# Recently Dug



## Relic_Hunter (Nov 25, 2009)

Hey everyone:
       I'm kinda new here on the forum.......I recently dug this from an old dump my friend and I have been working....... I thought it was very interesting and decided to share it here to see if anyone could help me with the history, date and value.... Thanks for looking. All comments are greatly appreciated. 
 The word - Puritan encircles the base.
 Below is what is embossed on the bottom. 
PURITAN​Reg. U.S. Pat. Off.​Original​Dutch Oven​Baked Beans​Des. Pat.

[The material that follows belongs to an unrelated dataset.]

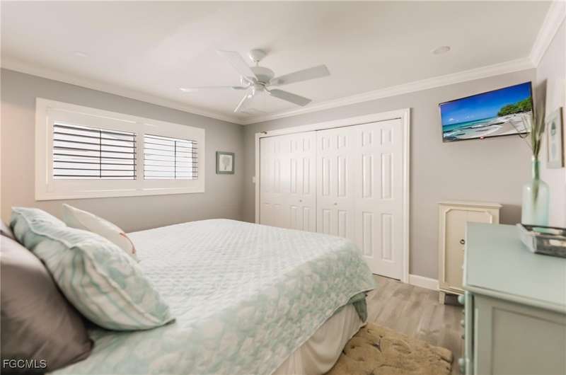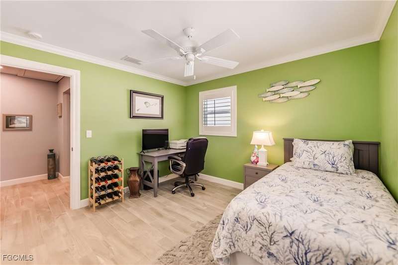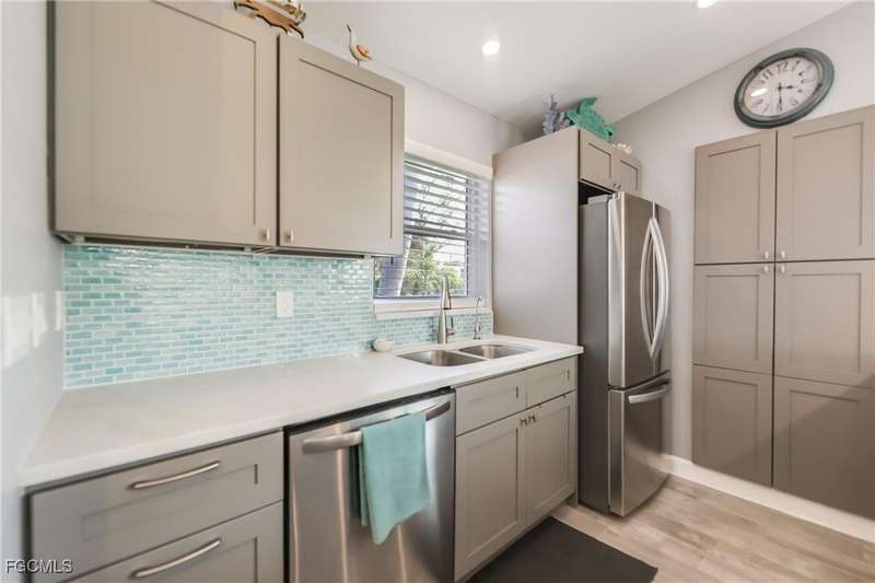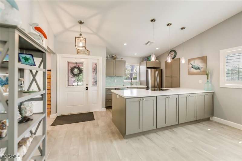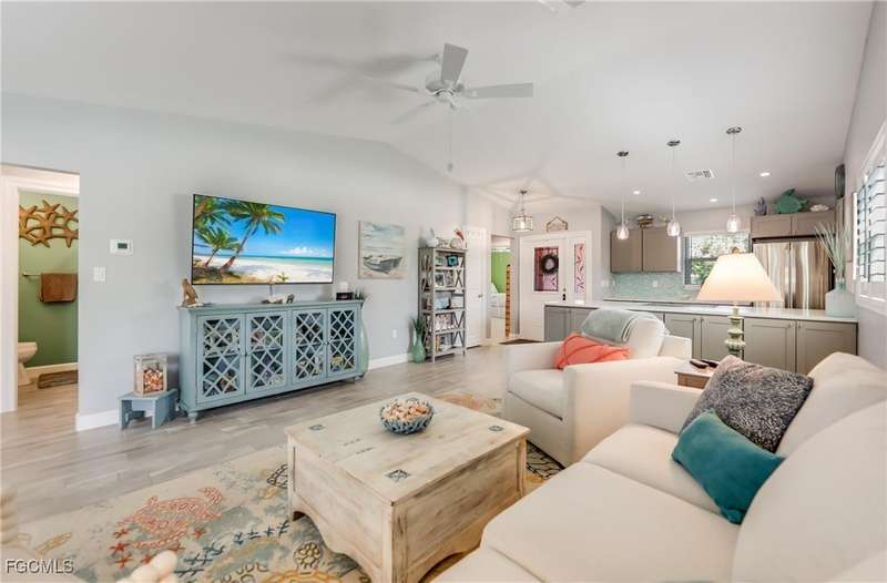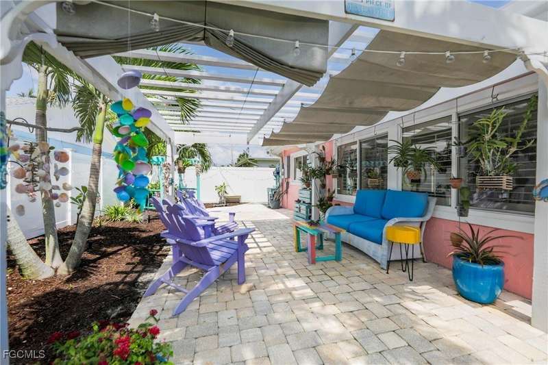 Welcome to The Pink Pelican Cottage! This delightful 3-bedroom, 2-bath ground-level retreat feels anything but small, with elevated ceilings that create an airy, open ambiance throughout. Completely renovated, the cottage offers an inviting blend of modern comforts and casual coastal style. The bright kitchen flows seamlessly into spacious living and dining areas, perfect for relaxing after a day on the beach or entertaining family and friends. Abundant storage is thoughtfully integrated into the home, making it ideal not only as a vacation getaway but also as a comfortable full-time residence. Furnishings can be purchased separately if desired, creating an easy turnkey opportunity Step outside to your own private outdoor oasis surrounded by lush tropical landscaping. Whether you're enjoying your morning coffee, hosting a sunset gathering, or simply unwinding with a good book, this magnificent sitting area extends your living space and captures the laid-back Sanibel lifestyle. Although not walking distance, the beach is just a 5-minute bike ride away. The cottage is also centrally located for effortless access to restaurants, Jerry's, shopping, bike paths, and convenient on and off island travel. Flood barriers are being installed soon, offering added peace of mind. The Pink Pelican Cottage is the perfect place to escape to-a charming, low-maintenance island home you'll love as a seasonal retreat or a year-round sanctuary.

Applied For​11​


----------



## epackage (Nov 25, 2009)

Here's yours with a top on it....The last few on e-bay didn't sell but it's a cool little jar that you cooked the beans and served it in as well, seems to be made in the mid 1930'shttp://216.223.90.51:81/search~S0?/...,1,1,B/frameset&FF=ofm0187en&1,1,/endreferer/


----------



## Relic_Hunter (Nov 25, 2009)

> ORIGINAL: epackage
> 
> Here's yours with a top on it....The last few on e-bay didn't sell but it's a cool little jar that you cooked the beans and served it in as well, seems to be made in the mid 1930'shttp://216.223.90.51:81/search~S0?/ofm0187en/ofm0187en/1,1,1,B/l856~b1151899&FF=
> ofm0187en&1,1,,1,0/startreferer//search~S0/ofm0187en/ofm0187en/1,1,1,B/frameset&FF=ofm0187en&1,1,/endreferer/


 
 Thank so much for the quick response and information. Value isn't all that important to me.... Don't get me wrong I love digging the valueable one as well.... But I like bottles and jars that are unique in origin and / or design, just because they are different.


----------



## buzzkutt033 (Nov 25, 2009)

welcome to the forum relic_hunter. 

 great bunch of very knowledgable people in here. 

 stick around and enjoy the crowd!!

 jim


----------